Output every line from the beginning of the records through the line that contains "Na primeira fase", exactly as it appears.
++++++++++++++++++++
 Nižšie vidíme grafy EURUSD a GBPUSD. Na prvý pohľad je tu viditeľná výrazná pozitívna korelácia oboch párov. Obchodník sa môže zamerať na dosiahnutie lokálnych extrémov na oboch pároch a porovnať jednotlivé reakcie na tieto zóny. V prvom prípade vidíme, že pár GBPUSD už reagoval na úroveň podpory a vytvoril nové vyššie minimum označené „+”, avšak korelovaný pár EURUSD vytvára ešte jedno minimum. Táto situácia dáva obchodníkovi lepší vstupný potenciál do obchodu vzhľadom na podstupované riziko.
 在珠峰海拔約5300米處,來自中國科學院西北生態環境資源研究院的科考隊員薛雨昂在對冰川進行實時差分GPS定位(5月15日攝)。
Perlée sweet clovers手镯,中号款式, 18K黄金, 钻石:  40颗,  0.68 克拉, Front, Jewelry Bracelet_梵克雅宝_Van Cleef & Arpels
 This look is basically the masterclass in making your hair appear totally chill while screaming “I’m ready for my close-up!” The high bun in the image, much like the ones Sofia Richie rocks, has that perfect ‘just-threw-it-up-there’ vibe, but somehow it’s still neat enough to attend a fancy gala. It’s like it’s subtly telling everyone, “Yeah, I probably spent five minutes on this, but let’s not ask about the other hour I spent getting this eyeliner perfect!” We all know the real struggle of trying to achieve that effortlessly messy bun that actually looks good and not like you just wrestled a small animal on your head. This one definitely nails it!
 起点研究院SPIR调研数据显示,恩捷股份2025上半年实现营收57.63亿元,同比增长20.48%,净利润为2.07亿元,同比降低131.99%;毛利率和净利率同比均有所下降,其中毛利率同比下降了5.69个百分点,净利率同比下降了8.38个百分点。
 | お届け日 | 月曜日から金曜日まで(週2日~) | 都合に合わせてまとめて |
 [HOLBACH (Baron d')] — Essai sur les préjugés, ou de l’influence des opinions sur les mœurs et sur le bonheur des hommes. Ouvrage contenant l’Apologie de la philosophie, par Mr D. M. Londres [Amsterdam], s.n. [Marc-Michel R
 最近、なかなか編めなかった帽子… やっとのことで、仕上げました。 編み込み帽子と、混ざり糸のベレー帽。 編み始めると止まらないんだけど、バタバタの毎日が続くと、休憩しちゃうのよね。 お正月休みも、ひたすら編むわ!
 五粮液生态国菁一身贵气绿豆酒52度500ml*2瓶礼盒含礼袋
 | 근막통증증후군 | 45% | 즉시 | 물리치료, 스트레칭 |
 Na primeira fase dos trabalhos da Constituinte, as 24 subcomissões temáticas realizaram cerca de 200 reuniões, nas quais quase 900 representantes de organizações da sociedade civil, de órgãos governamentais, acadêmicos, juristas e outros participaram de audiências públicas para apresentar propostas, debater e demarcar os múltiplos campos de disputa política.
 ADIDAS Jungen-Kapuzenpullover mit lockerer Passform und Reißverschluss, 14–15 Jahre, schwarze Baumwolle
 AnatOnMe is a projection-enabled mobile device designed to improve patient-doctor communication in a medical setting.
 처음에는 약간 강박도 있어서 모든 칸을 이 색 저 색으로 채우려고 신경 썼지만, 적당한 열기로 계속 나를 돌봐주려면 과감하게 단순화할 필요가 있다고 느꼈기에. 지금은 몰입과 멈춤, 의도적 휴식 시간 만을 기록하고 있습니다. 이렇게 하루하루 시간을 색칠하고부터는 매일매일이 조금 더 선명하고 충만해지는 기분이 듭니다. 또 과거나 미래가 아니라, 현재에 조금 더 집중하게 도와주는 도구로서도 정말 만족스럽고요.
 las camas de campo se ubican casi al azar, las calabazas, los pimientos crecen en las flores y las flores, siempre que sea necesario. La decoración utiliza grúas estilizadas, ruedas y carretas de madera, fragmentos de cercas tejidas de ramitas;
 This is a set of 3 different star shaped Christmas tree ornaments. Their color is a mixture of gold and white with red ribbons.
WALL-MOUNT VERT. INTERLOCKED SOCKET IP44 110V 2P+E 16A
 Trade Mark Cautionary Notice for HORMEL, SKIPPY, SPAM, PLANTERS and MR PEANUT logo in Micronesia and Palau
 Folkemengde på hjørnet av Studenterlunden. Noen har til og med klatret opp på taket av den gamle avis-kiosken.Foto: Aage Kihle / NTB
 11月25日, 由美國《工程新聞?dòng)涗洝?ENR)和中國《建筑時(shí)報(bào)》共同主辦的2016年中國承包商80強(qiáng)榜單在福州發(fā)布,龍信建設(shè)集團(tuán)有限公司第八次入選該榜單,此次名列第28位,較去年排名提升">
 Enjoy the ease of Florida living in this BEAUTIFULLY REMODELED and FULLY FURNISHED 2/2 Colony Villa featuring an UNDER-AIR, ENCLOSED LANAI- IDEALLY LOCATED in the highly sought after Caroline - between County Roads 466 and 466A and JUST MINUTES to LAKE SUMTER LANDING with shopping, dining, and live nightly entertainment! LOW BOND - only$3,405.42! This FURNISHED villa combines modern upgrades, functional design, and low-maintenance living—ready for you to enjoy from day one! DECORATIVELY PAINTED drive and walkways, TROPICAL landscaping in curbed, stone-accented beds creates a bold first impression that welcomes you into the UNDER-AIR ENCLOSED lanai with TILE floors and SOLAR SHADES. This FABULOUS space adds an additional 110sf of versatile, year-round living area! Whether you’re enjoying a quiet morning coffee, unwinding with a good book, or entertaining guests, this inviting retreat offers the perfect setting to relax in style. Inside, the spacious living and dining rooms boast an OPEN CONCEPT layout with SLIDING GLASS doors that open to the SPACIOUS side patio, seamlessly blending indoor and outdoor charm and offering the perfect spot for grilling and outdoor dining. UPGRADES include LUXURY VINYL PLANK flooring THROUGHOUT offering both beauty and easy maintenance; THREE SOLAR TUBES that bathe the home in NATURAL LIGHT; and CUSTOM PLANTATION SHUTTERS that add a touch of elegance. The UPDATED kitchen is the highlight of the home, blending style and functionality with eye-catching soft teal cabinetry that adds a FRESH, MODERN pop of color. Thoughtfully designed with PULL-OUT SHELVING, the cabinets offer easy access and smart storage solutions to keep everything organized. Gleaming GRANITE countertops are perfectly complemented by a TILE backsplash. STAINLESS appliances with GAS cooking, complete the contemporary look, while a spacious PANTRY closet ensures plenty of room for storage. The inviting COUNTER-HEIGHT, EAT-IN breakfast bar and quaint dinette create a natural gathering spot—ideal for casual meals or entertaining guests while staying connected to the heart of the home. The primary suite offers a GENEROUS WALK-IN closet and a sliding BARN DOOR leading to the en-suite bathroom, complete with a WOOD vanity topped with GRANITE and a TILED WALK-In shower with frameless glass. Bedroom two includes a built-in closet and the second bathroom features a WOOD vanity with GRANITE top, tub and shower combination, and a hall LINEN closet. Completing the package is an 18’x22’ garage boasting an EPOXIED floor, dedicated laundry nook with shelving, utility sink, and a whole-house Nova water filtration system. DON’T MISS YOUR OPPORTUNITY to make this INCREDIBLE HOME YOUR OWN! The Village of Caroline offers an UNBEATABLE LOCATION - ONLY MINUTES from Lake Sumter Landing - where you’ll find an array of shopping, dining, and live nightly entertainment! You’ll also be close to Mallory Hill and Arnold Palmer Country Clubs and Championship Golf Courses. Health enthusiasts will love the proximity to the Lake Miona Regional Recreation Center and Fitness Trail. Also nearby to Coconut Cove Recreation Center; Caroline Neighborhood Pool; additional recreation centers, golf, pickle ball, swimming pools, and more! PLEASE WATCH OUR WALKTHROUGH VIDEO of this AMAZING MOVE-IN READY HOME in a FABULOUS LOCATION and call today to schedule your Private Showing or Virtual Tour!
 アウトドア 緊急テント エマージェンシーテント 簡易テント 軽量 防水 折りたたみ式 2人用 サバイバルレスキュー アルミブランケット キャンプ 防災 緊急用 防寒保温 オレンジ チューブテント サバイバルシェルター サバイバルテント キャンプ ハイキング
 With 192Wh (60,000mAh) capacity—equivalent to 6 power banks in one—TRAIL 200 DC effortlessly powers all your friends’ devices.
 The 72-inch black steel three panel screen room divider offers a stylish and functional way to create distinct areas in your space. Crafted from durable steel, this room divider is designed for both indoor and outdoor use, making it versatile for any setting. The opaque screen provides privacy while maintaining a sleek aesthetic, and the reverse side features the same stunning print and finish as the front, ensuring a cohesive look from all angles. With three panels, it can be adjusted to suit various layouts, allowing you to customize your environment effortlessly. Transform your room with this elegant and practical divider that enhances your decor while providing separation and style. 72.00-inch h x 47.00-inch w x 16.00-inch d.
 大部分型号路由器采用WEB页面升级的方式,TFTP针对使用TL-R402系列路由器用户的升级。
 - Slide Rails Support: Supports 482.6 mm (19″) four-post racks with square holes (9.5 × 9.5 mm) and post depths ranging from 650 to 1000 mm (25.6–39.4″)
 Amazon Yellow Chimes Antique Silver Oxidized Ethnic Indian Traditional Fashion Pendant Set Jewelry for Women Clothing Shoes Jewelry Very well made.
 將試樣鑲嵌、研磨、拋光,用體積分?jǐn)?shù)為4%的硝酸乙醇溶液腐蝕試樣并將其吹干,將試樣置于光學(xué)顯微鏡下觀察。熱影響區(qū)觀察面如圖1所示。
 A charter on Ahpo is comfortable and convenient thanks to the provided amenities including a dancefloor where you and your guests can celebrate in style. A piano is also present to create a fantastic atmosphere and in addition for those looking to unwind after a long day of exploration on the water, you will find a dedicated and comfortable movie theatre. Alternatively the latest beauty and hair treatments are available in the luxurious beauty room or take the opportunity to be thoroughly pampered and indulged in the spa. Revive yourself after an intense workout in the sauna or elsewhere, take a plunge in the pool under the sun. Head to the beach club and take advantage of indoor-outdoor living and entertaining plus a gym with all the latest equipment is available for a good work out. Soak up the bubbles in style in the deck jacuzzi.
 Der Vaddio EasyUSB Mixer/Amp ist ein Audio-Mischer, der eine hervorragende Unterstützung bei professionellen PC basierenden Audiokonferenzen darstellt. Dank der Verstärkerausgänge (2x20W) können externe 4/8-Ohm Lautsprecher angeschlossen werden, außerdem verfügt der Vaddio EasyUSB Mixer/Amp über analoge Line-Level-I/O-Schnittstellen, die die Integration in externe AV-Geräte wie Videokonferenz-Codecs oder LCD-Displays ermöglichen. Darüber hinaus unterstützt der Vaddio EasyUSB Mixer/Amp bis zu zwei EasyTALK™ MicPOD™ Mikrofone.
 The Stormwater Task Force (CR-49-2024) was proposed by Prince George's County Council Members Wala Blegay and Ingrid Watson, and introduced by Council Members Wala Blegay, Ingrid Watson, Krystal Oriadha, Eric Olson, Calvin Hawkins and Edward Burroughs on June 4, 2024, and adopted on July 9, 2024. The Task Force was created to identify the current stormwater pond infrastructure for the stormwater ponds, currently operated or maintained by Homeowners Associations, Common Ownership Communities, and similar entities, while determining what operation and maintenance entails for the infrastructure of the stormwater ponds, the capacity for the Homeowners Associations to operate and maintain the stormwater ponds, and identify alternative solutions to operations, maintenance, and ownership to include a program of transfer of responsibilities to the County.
++++++++++++++++++++
- REPLY TO THE TASK
 Nižšie vidíme grafy EURUSD a GBPUSD. Na prvý pohľad je tu viditeľná výrazná pozitívna korelácia oboch párov. Obchodník sa môže zamerať na dosiahnutie lokálnych extrémov na oboch pároch a porovnať jednotlivé reakcie na tieto zóny. V prvom prípade vidíme, že pár GBPUSD už reagoval na úroveň podpory a vytvoril nové vyššie minimum označené „+”, avšak korelovaný pár EURUSD vytvára ešte jedno minimum. Táto situácia dáva obchodníkovi lepší vstupný potenciál do obchodu vzhľadom na podstupované riziko.
 在珠峰海拔約5300米處,來自中國科學院西北生態環境資源研究院的科考隊員薛雨昂在對冰川進行實時差分GPS定位(5月15日攝)。
Perlée sweet clovers手镯,中号款式, 18K黄金, 钻石:  40颗,  0.68 克拉, Front, Jewelry Bracelet_梵克雅宝_Van Cleef & Arpels
 This look is basically the masterclass in making your hair appear totally chill while screaming “I’m ready for my close-up!” The high bun in the image, much like the ones Sofia Richie rocks, has that perfect ‘just-threw-it-up-there’ vibe, but somehow it’s still neat enough to attend a fancy gala. It’s like it’s subtly telling everyone, “Yeah, I probably spent five minutes on this, but let’s not ask about the other hour I spent getting this eyeliner perfect!” We all know the real struggle of trying to achieve that effortlessly messy bun that actually looks good and not like you just wrestled a small animal on your head. This one definitely nails it!
 起点研究院SPIR调研数据显示,恩捷股份2025上半年实现营收57.63亿元,同比增长20.48%,净利润为2.07亿元,同比降低131.99%;毛利率和净利率同比均有所下降,其中毛利率同比下降了5.69个百分点,净利率同比下降了8.38个百分点。
 | お届け日 | 月曜日から金曜日まで(週2日~) | 都合に合わせてまとめて |
 [HOLBACH (Baron d')] — Essai sur les préjugés, ou de l’influence des opinions sur les mœurs et sur le bonheur des hommes. Ouvrage contenant l’Apologie de la philosophie, par Mr D. M. Londres [Amsterdam], s.n. [Marc-Michel R
 最近、なかなか編めなかった帽子… やっとのことで、仕上げました。 編み込み帽子と、混ざり糸のベレー帽。 編み始めると止まらないんだけど、バタバタの毎日が続くと、休憩しちゃうのよね。 お正月休みも、ひたすら編むわ!
 五粮液生态国菁一身贵气绿豆酒52度500ml*2瓶礼盒含礼袋
 | 근막통증증후군 | 45% | 즉시 | 물리치료, 스트레칭 |
 Na primeira fase dos trabalhos da Constituinte, as 24 subcomissões temáticas realizaram cerca de 200 reuniões, nas quais quase 900 representantes de organizações da sociedade civil, de órgãos governamentais, acadêmicos, juristas e outros participaram de audiências públicas para apresentar propostas, debater e demarcar os múltiplos campos de disputa política.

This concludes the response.